For the right taxpayer the Service has exhibited unusual generosity by waiving most if not all penalties and limiting the liability for past taxes to three years. But a detailed analysis is required to be certain one is the right taxpayer, as a mistake can be terribly costly.
HOPE THIS HELPS YOU HELP OTHERS MAKE A POSITIVE DIFFERENCE!
LISI Income Tax Planning Newsletter #71, (July 8, 2014) at http://www.LeimbergServices.com Copyright 2014 David S. Neufeld. Reproduction in Any Form or Forwarding to Any Person Prohibited – Without Express Written Permission.
[i] U.S. v. Carl Zwerner, Civ. No. 13-cv-22082 (S.D. Florida, May 28, 2014): jury verdict for 150% of account values (50% for each of 3 years). The case settled after trial for a lesser figure.
[ii] Even non-citizen aliens are included in this group if they have a U.S. tax obligation and fail the substantial presence test for one of the prior three years.
[iii] See, e.g., Cheek v. U.S., 498 U.S. 192 (1991); Income Tax Reg. 301.6651-1(c).

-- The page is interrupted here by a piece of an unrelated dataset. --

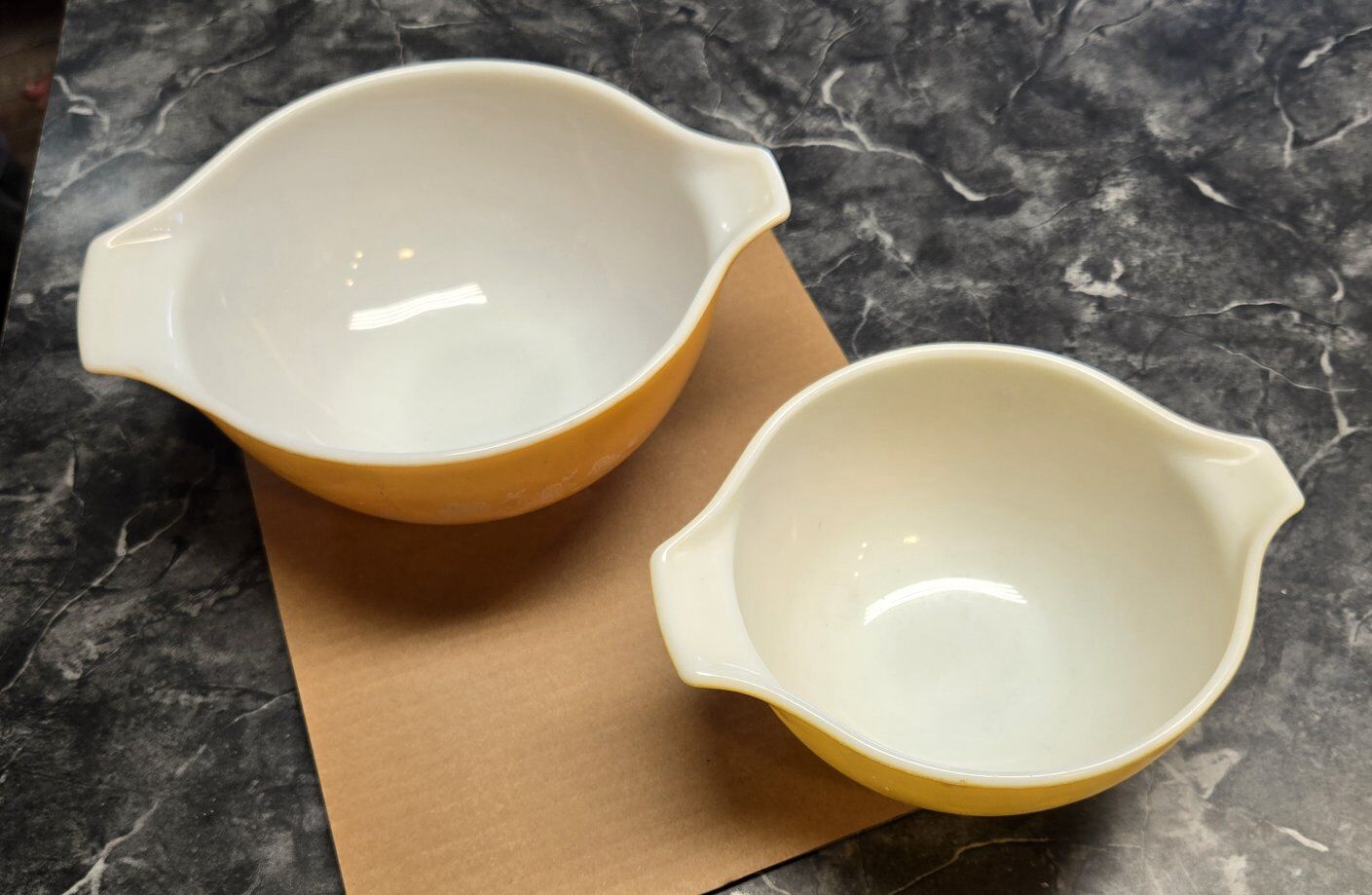 These are 2 Vintage Pyrex mixing bowls. Butterfly Gold. #441 and #442. Both for $20. Picked up in Taylorsville. Thank you.

[iv] U.S. v. Williams, 489 Fed.Appx. 655, 2012 WL 2948569 (C.A.4 (Va.)), 110 A.F.T.R.2d 2012-5298, 2012-2 USTC P 50,475 (4th Cir. 2012); U.S. v. McBride, 908 F.Supp.2d 1186, 110 A.F.T.R.2d 2012-6600, 2012-2 USTC P 50,666 (D. Utah 2012).
[v] Although the penalty is based on year-end values, the FBAR and Form 8938 filing requirements are based on thresholds relative to highest values during each year. An analysis must first look to the entire year to determine if a filing is mandated and then, if so, the year end value for the penalty calculation.
[vi] This author finds it galling that the Service continues to lazily refer taxpayers to Publications and then takes litigation positions that such reliance is improper…and the Tax Court buys it no less. See, e.g. Bobrow v. Commissioner, T.C.Memo 2014-21 (January 28, 2014).
[vii] Pub. 54, page 12. The concept of abode (or in New York, “permanent place of abode”) often comes up in the context of state residency. See Gaied v. New York State Tax Appeals Tribunal, 22 N.Y.3d 592, 6 N.E.3d 1113, 983 N.Y.S.2d 757, 2014 NY Slip Op 01101 (2/18/2014).